Reproduce word for word every line from the one containing "楽チン ワイドパンツ パンツ" to the final line of the data below; omit the pictures.

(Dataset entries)
══════

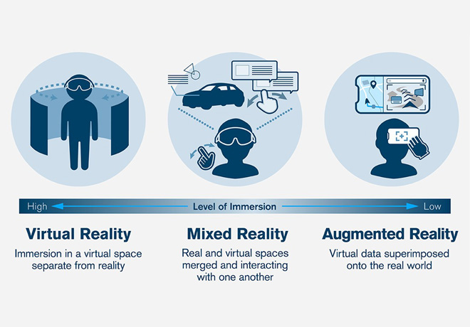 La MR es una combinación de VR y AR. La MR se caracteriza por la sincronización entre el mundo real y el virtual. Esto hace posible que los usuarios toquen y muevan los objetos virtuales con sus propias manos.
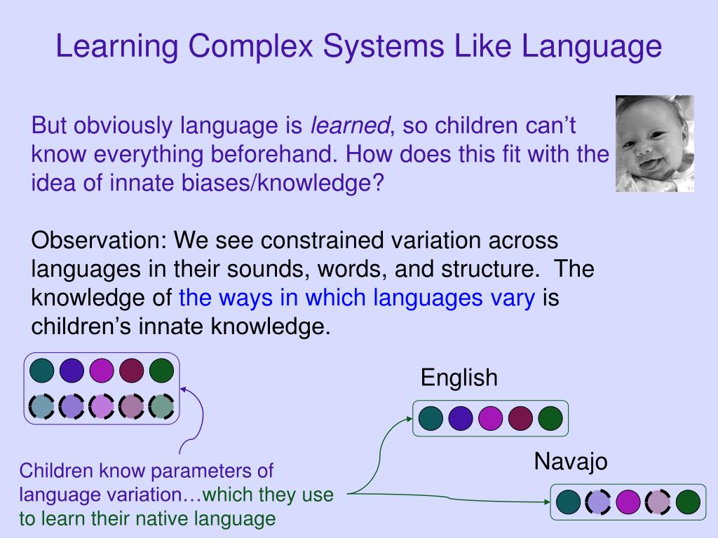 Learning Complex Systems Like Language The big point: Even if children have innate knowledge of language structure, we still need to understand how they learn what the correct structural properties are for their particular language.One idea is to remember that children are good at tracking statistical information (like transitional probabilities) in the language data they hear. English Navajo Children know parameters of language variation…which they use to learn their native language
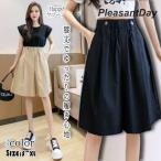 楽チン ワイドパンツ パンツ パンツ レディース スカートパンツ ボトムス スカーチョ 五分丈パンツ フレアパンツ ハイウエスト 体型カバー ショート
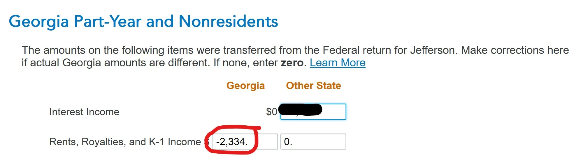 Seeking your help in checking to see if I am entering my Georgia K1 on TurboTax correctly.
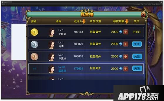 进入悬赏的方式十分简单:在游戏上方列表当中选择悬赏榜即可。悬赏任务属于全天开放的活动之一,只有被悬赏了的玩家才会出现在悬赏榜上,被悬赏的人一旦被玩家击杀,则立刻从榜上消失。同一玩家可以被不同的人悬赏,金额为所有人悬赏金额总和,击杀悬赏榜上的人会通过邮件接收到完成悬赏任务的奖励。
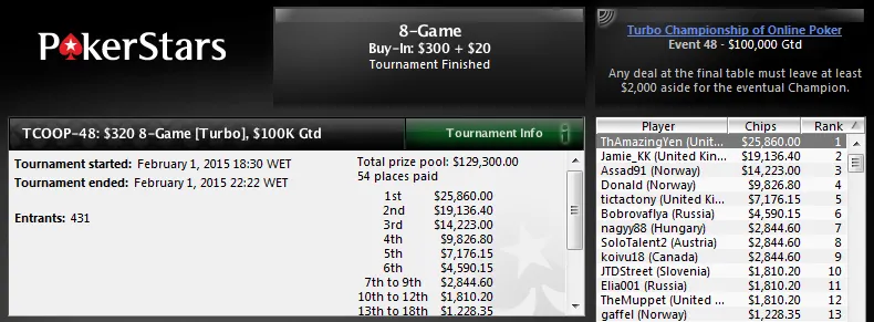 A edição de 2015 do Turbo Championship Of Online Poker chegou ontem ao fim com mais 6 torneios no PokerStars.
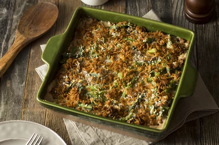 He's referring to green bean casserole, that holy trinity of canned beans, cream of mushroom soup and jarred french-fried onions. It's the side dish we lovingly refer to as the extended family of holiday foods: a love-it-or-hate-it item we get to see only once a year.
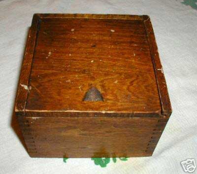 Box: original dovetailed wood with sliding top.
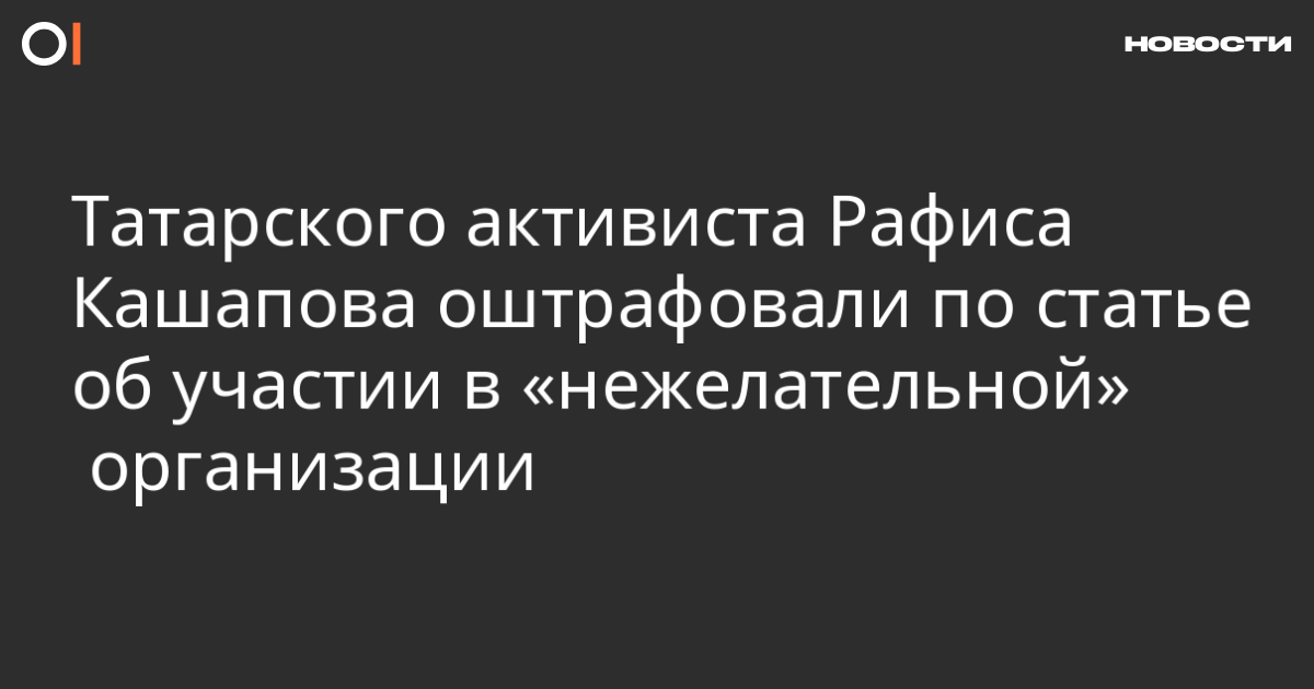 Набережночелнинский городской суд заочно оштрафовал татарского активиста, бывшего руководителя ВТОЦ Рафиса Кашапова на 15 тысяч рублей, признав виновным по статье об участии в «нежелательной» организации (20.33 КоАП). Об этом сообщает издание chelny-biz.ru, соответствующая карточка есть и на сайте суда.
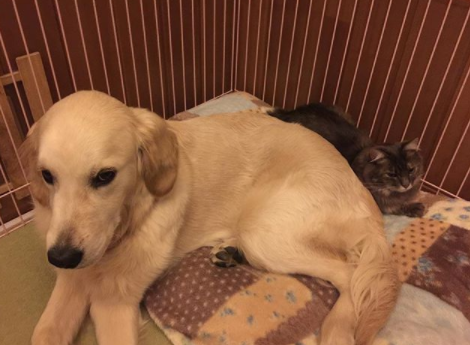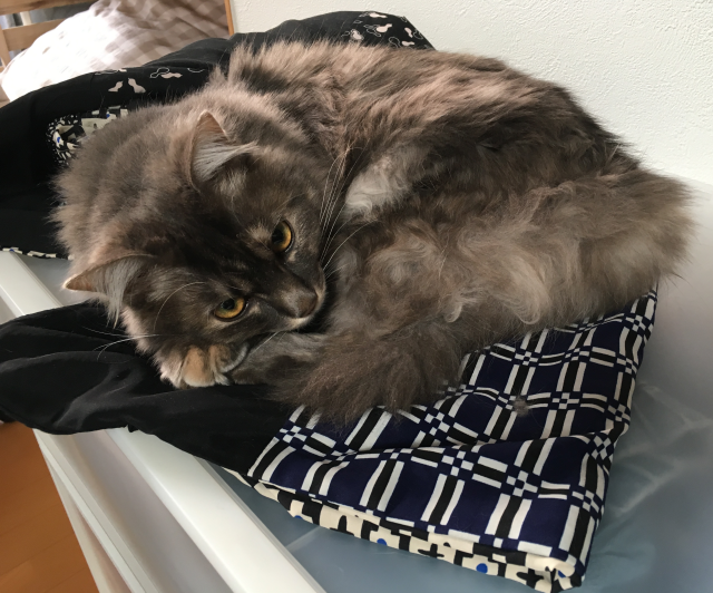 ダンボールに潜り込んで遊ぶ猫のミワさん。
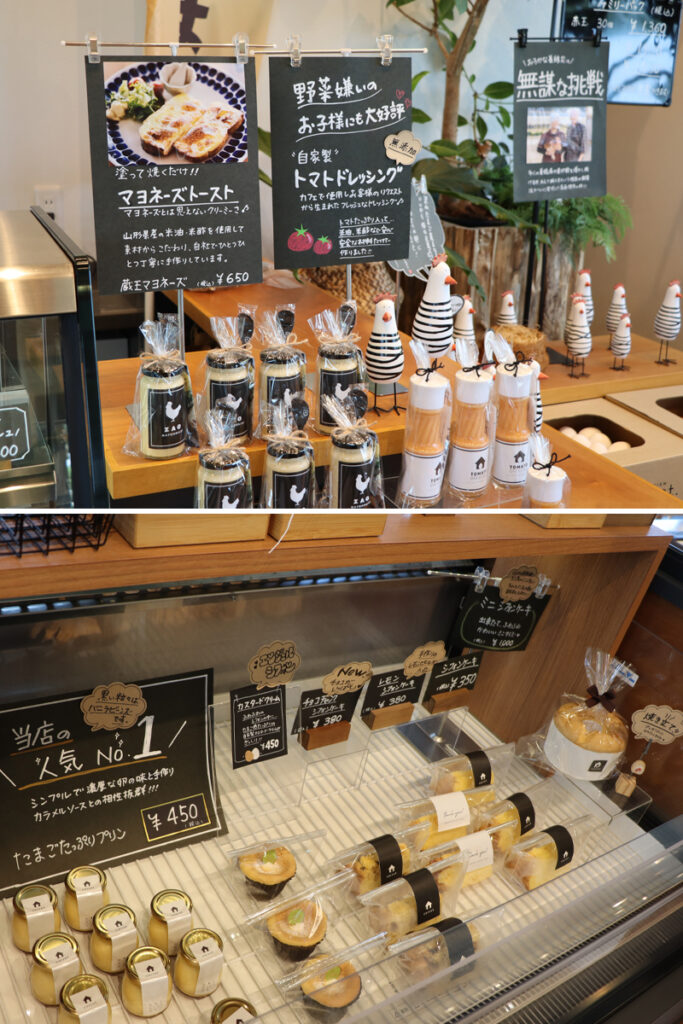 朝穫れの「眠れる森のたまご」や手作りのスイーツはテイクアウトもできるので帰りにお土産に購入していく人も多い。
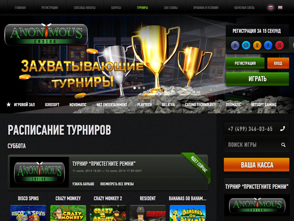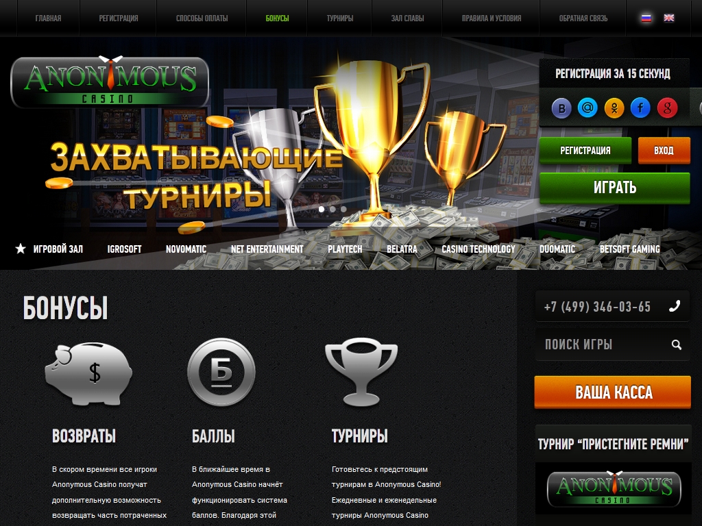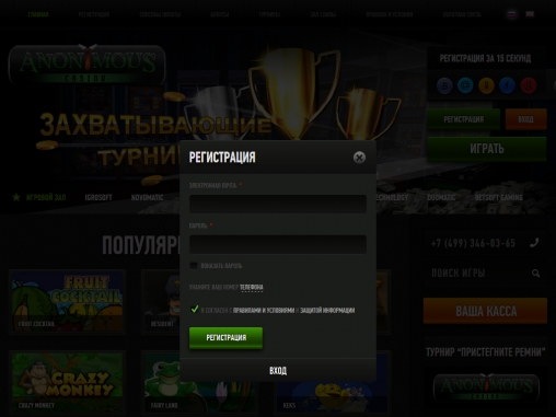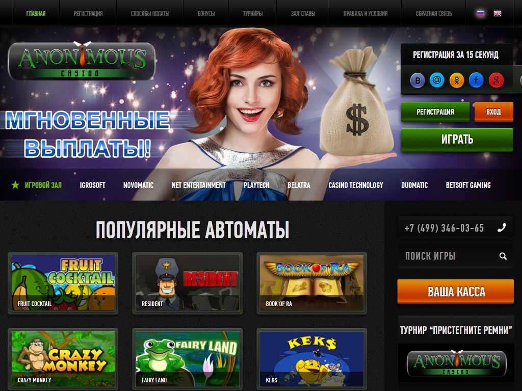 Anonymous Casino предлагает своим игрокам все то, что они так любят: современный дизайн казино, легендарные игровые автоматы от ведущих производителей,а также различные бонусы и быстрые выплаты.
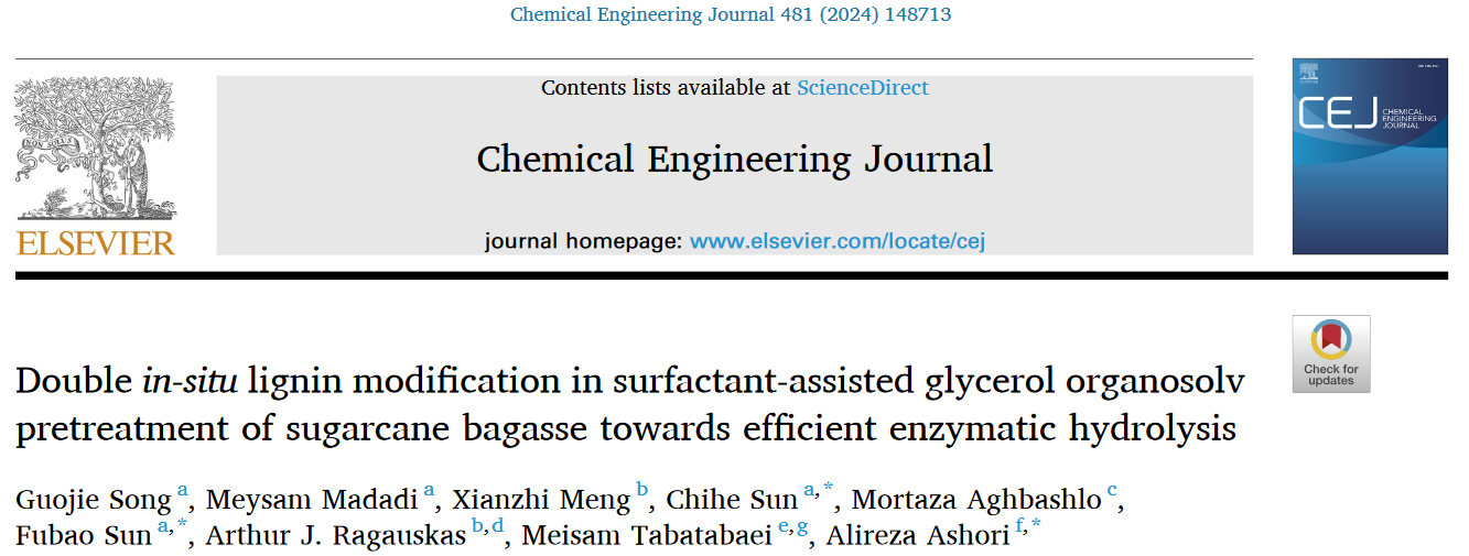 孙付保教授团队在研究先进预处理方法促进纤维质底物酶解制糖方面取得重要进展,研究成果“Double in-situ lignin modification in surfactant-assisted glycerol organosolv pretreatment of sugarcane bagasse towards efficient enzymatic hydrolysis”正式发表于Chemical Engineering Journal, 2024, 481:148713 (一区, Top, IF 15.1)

══════

• **RESULT**:
 楽チン ワイドパンツ パンツ パンツ レディース スカートパンツ ボトムス スカーチョ 五分丈パンツ フレアパンツ ハイウエスト 体型カバー ショート
 Seeking your help in checking to see if I am entering my Georgia K1 on TurboTax correctly.
 进入悬赏的方式十分简单:在游戏上方列表当中选择悬赏榜即可。悬赏任务属于全天开放的活动之一,只有被悬赏了的玩家才会出现在悬赏榜上,被悬赏的人一旦被玩家击杀,则立刻从榜上消失。同一玩家可以被不同的人悬赏,金额为所有人悬赏金额总和,击杀悬赏榜上的人会通过邮件接收到完成悬赏任务的奖励。
 A edição de 2015 do Turbo Championship Of Online Poker chegou ontem ao fim com mais 6 torneios no PokerStars.
 He's referring to green bean casserole, that holy trinity of canned beans, cream of mushroom soup and jarred french-fried onions. It's the side dish we lovingly refer to as the extended family of holiday foods: a love-it-or-hate-it item we get to see only once a year.
 Box: original dovetailed wood with sliding top.
 Набережночелнинский городской суд заочно оштрафовал татарского активиста, бывшего руководителя ВТОЦ Рафиса Кашапова на 15 тысяч рублей, признав виновным по статье об участии в «нежелательной» организации (20.33 КоАП). Об этом сообщает издание chelny-biz.ru, соответствующая карточка есть и на сайте суда.
 ダンボールに潜り込んで遊ぶ猫のミワさん。
 朝穫れの「眠れる森のたまご」や手作りのスイーツはテイクアウトもできるので帰りにお土産に購入していく人も多い。
 Anonymous Casino предлагает своим игрокам все то, что они так любят: современный дизайн казино, легендарные игровые автоматы от ведущих производителей,а также различные бонусы и быстрые выплаты.
 孙付保教授团队在研究先进预处理方法促进纤维质底物酶解制糖方面取得重要进展,研究成果“Double in-situ lignin modification in surfactant-assisted glycerol organosolv pretreatment of sugarcane bagasse towards efficient enzymatic hydrolysis”正式发表于Chemical Engineering Journal, 2024, 481:148713 (一区, Top, IF 15.1)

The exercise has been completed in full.